Damn! So you can see how complex this dance is. Someone asks a question that is meant to be small talk or a way of creating an instant connection through a shared experience (having kids). But when the person being asked doesn’t have kids, they have to think about how to save their own “face” and the questioner’s “face” when formulating a response. If they respond honestly, they may not get the support and approval they are hoping for and that may lead to more shame and reinforce their desire to not respond honestly or disclose in the future. But that disclosure is instrumental to their healing and forming a childfree identity. Responding with honesty may also make the questioner feel uncomfortable and like you aren’t protecting their “face” by pointing out their faux pas in asking the question.
Let’s be honest, these situations are full of emotional landmines. But with some advanced planning and practice, hopefully they get easier over time. If you haven’t already planned a few responses, I hope this inspired you to start brainstorming so you feel more in control the next time someone asks if you have kids.
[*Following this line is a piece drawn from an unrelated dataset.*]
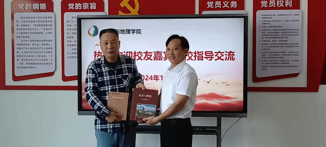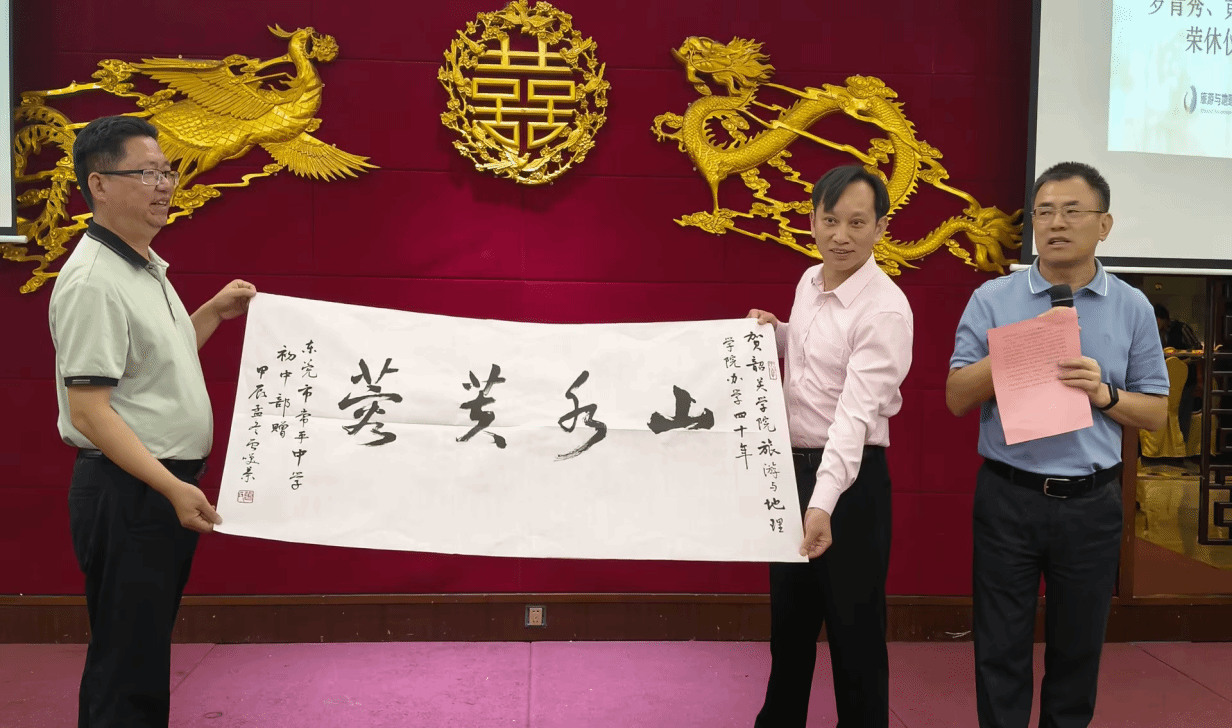 活动中,1987级、1989届地理教育专业陈水勤校友向学院赠送了其本人主持编写的书籍《南雄市革命老区发展史》《光荣与辉煌-苏区南雄图集》,古松校友向学院赠送了《山水芙蓉》书法作品;2023届旅游管理(3+2)专业校友沈葆恒向学院赠送了一批其公司产品供教职工活动使用。
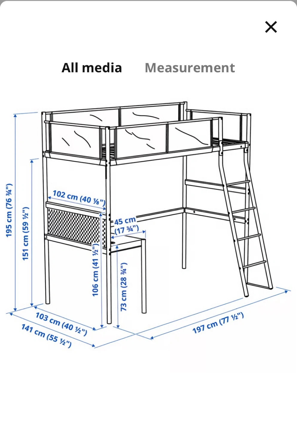 This is an IKEA loft bed featuring a built-in desk and a ladder for easy access. It's white and includes the desk surface and railings. The total height is 195 cm and the length is 197 cm.

And if you’re one of those people who uses “Do you have kids?” as an opener, maybe it’s time to get a new schtick.
How about you? What responses have you tried that work well? How do you navigate this situation?
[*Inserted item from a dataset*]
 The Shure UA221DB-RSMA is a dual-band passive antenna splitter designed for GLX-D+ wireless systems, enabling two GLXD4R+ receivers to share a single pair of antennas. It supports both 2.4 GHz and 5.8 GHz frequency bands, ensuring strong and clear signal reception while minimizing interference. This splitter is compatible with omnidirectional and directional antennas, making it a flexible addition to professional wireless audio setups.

thank you very much for your post, it is beautifully written and so true!
I usually try to analyse why somebody asks me this question before I choose my answer.
But as I’m progressing on the path of acceptance, I can more often just reply with a polite “no”, without trying to educate the person.
Thank you for mentioning Marni Rosner’s dissertation, I hadn’t heard about it.
You have a beautiful blog, I’m looking forward to reading more of your insights!
Thanks so much, Lea! I’m happy to hear that you found this post helpful. I also find that sometimes a simple “no” does the trick.
This is a great post, & I am going to flag it on my own blog. 🙂 I tend to just say “no” and leave it at that, but as you’ve noted, different situations & audiences sometimes call for different responses.
I read Dr. Rosner’s dissertation via the Silent Sorority blog a few years ago. Having academic research on our tribe is SO validating! 🙂 & it’s even better when it’s done by one of our own, who truly understands the issues. 🙂
Yes, I agree! I read Dr. Rosner’s dissertation while recovering from my hysterectomy. It was so interesting to see academic research on the issue. I’m looking forward to digging into journals to find more!
I’ve said a couple times “none living”.
It conveys sort of my sorrow, my hopes, and the fact that the topic isn’t a great one.
That is an absolutely heartbreaking “shut it down” response. Sending you a virtual hug!